À travers le café bondé, j'aperçois une jeune femme assise seule. Elle fixe le ciel maussade et pluvieux par la fenêtre en sirotant son cappuccino. Il y a quelque chose dans son regard plein d'émotion qui me rappelle celle que j'étais avant que Tom ne me brise le cœur.
Une voix interrompt mes pensées : « Salut, c'est bien Holly ? » Je lève les yeux et découvre Kylie, les cheveux noirs et une tenue très élégante.
Je me lève pour lui serrer la main. « Oui, c'est moi. Enchantée. »
Elle accroche son manteau au dossier de la chaise en face de la mienne avant de s'asseoir. « Merci infiniment d'avoir accepté de me voir. Ton amie, Jen, m'a énormément parlé de toi. »
Je tressaille à l'idée qu'on ait parlé de moi. J'apprécie mon anonymat, tenant le monde à distance de mes pensées les plus intimes.
« C'est une bonne amie, mais je ne sais pas trop ce qu'elle a pu te raconter. »
« Eh bien, comme je te l'ai dit au téléphone, nous préparons une série d'articles sur des histoires d'amour singulières. Nous cherchons des témoignages qui pourraient donner de l'espoir à d'autres personnes, leur prouver qu'elles aussi peuvent surmonter des situations difficiles. »

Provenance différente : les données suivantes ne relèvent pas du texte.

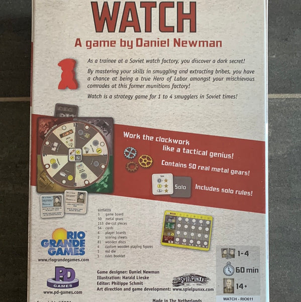 The artistically composed thematic Eurogame Watch blends theme into the game mechanisms masterfully: While playing, you can feel the clock ticking as you try to hide your mischievous actions from the other players. To succeed, you must ensure that the gears fall into their specific clockwork spot exactly when and where you need it!

Si seulement c'était aussi simple.
En entourant mon mug de mes doigts, je fronce les sourcils. « Je ne suis pas sûre que mon histoire soit appropriée. »
« D'après ce que Jen m'a dit, même si ce n'était que les grandes lignes, ton histoire semble être exactement ce que nous cherchons. »
« Je dois admettre que j'hésitais à le faire. J'aime l'idée de donner de l'espoir aux autres, mais ce que je vais te raconter pourrait avoir des retombées si c'est mal interprété. Je ne peux le faire qu'à condition que ce soit anonyme. »
« Ne t'inquiète pas. Je m'engage à ne pas révéler certaines informations et j'ai apporté un accord de confidentialité pour te rassurer. » Kylie me tend le document, truffé de termes juridiques obscurs pour ma prétendue protection. Elle pointe de son doigt manucuré les nombreuses lignes que je dois parapher, dater et signer.
Voir ses ongles me rappelle l'époque où je courais dans cette ville exigeante, tentant de caser une manucure ou une pédicure entre deux rendez-vous, des soirées, ou simplement en essayant de rendre mon ex-mari heureux. Tant d'agitation, à courir partout, mais ironiquement, je me demande si j'ai réellement avancé quand je vivais ici.
Amusée, après avoir paraphé et signé les multiples pages comme si ma vie en dépendait, je remarque : « On est très procéduriers dans ce monde, n'est-ce pas ? »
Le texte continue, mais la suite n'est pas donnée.